Eso es sin duda lo mejor de la trilogía y de la última entrega.
Pero, a pesar del cariño que le tengo a Matilde Asensi, también debo decir que la tercera entrega me ha defraudado. Ha sido el remate de una trilogía que ha ido de más a menos, perdiendo un poco de interés en cada nueva entrega.

No quiero con ello decir que el libro sea aburrido, pues no lo es y ha captado mi atención desde las primeras páginas. Ni tampoco puedo decir que el ritmo no sea trepidante, pues lo es al igual que lo había sido en las anteriores entregas. Pero es en esta última entrega en la que Matilde Asensi intenta desarrollar una historia de amor. Y ahí desgraciadamente no consigue convencerme.
Tampoco es ninguna novedad, pues en ninguna de sus novelas, sus historias de amor me han parecido convincentes. Me parecen poco creíbles, muy fantasiosas, demasiado dulzonas y cargadas de tópicos.
A propósito de este tema, en una entrevista publicada en el suplemento dominical de El Mundo en la que le preguntan el por qué de tratar ahora de amoríos, Matilde Asensi además de decir que no es la primera vez que trata historias de amor, dice:
«Los lectores me preguntan por el amor y yo respondo que no soy Federico Moccia, que no es mi tema; mi tema es la aventura y la Historia.».

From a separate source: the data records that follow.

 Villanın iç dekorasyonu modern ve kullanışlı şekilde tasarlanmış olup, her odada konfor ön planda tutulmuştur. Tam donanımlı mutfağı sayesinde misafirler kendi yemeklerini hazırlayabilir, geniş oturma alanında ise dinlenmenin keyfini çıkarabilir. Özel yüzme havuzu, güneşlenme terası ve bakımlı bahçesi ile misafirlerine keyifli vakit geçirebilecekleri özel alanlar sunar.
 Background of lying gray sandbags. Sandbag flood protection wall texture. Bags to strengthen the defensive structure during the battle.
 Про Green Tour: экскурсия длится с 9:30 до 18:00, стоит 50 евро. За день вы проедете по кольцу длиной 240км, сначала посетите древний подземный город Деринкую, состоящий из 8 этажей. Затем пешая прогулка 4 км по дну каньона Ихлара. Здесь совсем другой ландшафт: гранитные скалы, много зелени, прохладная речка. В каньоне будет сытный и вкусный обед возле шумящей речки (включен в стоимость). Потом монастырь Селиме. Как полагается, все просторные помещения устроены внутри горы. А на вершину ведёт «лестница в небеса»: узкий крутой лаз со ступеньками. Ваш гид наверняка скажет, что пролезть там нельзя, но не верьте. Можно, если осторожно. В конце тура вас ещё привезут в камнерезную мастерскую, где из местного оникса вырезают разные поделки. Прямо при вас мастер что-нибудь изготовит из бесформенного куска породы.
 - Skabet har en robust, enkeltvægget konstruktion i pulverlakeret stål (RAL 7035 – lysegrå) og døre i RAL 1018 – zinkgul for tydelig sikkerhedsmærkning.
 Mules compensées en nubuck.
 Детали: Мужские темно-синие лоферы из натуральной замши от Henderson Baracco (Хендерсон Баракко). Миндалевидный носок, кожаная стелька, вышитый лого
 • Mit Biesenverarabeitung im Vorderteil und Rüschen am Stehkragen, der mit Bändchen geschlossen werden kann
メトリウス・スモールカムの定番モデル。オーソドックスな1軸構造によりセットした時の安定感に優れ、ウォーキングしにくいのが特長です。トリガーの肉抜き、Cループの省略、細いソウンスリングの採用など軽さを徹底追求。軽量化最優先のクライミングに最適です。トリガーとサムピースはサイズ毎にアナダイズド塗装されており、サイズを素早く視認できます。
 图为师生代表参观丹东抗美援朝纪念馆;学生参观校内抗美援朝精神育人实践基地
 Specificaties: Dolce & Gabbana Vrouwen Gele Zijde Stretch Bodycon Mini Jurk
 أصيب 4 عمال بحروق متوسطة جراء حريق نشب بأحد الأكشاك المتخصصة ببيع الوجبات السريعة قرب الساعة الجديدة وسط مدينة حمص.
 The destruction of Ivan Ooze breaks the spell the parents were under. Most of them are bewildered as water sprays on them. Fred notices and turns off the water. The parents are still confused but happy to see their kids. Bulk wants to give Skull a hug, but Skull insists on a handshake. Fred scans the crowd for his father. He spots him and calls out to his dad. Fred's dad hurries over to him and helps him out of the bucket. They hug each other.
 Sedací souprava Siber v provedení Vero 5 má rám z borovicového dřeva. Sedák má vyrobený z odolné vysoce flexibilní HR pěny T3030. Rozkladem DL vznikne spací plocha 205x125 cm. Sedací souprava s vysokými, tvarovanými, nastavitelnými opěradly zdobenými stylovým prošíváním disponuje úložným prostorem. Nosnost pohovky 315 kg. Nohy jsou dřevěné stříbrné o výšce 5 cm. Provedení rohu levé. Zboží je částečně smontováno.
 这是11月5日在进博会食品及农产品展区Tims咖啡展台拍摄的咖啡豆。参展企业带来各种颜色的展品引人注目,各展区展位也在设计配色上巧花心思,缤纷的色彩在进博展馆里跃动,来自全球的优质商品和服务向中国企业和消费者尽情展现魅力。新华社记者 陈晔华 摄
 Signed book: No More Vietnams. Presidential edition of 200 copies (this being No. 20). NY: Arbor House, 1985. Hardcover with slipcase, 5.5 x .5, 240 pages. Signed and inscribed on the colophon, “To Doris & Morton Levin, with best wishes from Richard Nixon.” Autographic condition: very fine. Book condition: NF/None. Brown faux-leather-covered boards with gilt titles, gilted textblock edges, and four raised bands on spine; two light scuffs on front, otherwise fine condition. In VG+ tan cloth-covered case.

Como veis, ella misma reconoce que las historias de amor no son lo suyo
Por otra parte, todo el entramado histórico que tan interesante había resultado en Tierra Firme hy cuyo interés se mantenía en Venganza en Sevilla me ha resultado en La Conjura de Cortés poco interesante. Uncontexto histórico que parece más un decorado de fondo que un intento de ilustrarnos sobre la España de los herederos de Hernán Cortés.

Y es que sobre la figura de Cortes pasa Matilde Asensi casi de puntillas, haciendo además mucho más hincapié en su lado oscuro, que lo tuvo (mujeriego, cruel, ambicioso) que sobre sus grandes dotes de estratega. Claro, que lo de Cortés es muy opinable.

Y es que sobre la figura de Cortes pasa Matilde Asensi casi de puntillas, haciendo además mucho más hincapié en su lado oscuro, que lo tuvo (mujeriego, cruel, ambicioso) que sobre sus grandes dotes de estratega. Claro, que lo de Cortés es muy opinable.